Not sure about why repair is running, but we are also seeing the same merkle tree issue in a mixed version cluster in which we have intentionally started a repair against 2 upgraded DCs. We are currently researching, and can post back if we find the issue, but also would appreciate if someone has a suggestion. We have also run a local repair in an upgraded DC in this same mixed version cluster without issue.

We are going 2.1.x to 3.0.x... and yes, we know you are not supposed to run repairs in mixed version clusters, so don't do it :) this is kind of a special circumstances where other things have gone wrong.

Thanks

On Wed, Jun 5, 2019, 5:23 PM shalom sagges <shalomsagges@gmail.com> wrote:
If anyone has any idea on what might cause this issue, it'd be great.
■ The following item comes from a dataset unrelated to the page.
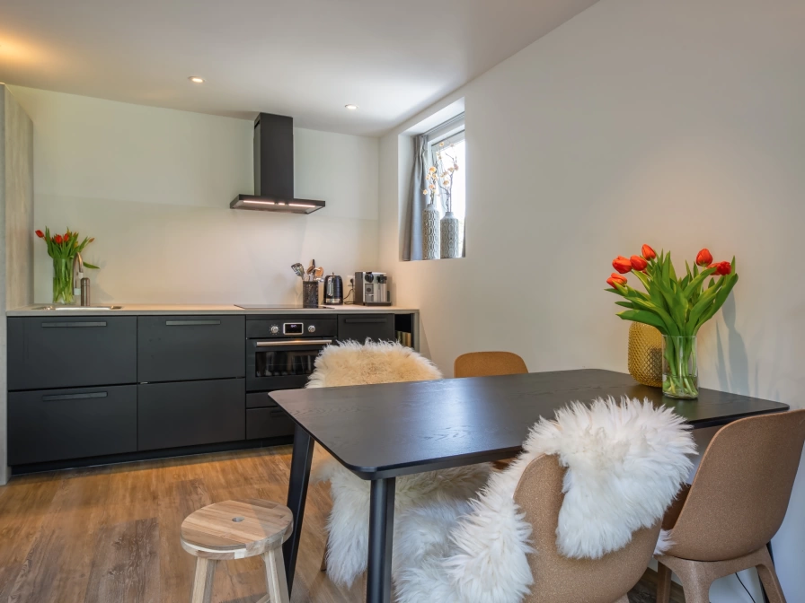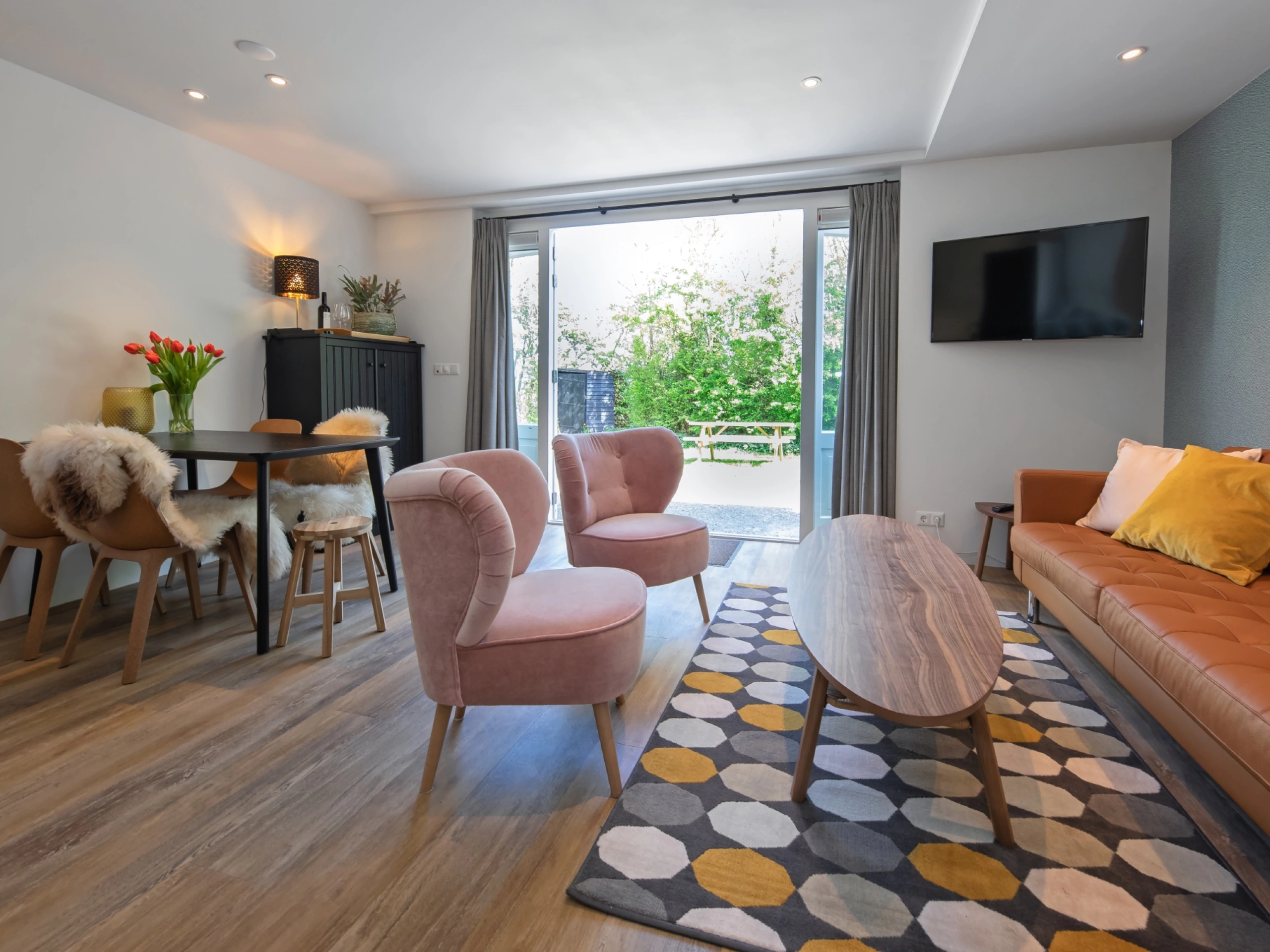 Dit moderne en gezellige appartement De Reede ligt op het erf van Landhuys Noorderhaecks. De woonkamer heeft een zithoek, eethoek, Smart-TV en Marshall audiosysteem. De open keuken is ingericht met inductiekookplaat, Nespresso, combimagnetron/heteluchtoven, vaatwasser en koelkast met vriesvak. De Reede heeft 2 slaapkamers met elk een tweepersoons kingsize boxspringbed en een eigen Smart-TV. De badkamer heeft douche, badmeubel en toilet. Vanuit de woonkamer kom je via openslaande deuren op een ruim eigen terras, met aansluitend een tuin die voor een groot deel wordt afgeschermd door hoge bomen en struiken.

I don't understand what could trigger this exception.
But what I really can't understand is why repairs started to run suddenly :-\
There's no cron job running, no active repair process, no Validation compactions, Reaper is turned off....  I see repair running only in the logs.

Thanks!


On Wed, Jun 5, 2019 at 2:32 PM shalom sagges <shalomsagges@gmail.com> wrote:
Hi All,

I'm having a bad situation where after upgrading 2 nodes (binaries only) from 2.1.21 to 3.11.4 I'm getting a lot of warnings as follows:

AbstractLocalAwareExecutorService.java:167 - Uncaught exception on thread Thread[ReadStage-5,5,main]: {}
java.lang.ArrayIndexOutOfBoundsException: null


I also see errors on repairs but no repair is running at all. I verified this with ps -ef command and nodetool compactionstats. The error I see is:
Failed creating a merkle tree for [repair #a95498f0-8783-11e9-b065-81cdbc6bee08 on system_auth/users, []], /1.2.3.4 (see log for details)

I saw repair errors on data tables as well.
nodetool status shows all are UN and nodetool describecluster shows two schema versions as expected.


After the warnings appeared, clients started to get timed out read/write queries.
Restarting the 2 nodes solved the clients' connection issues, but the warnings are still being generated in the logs.

Did anyone encounter such an issue and knows what this means?

Thanks!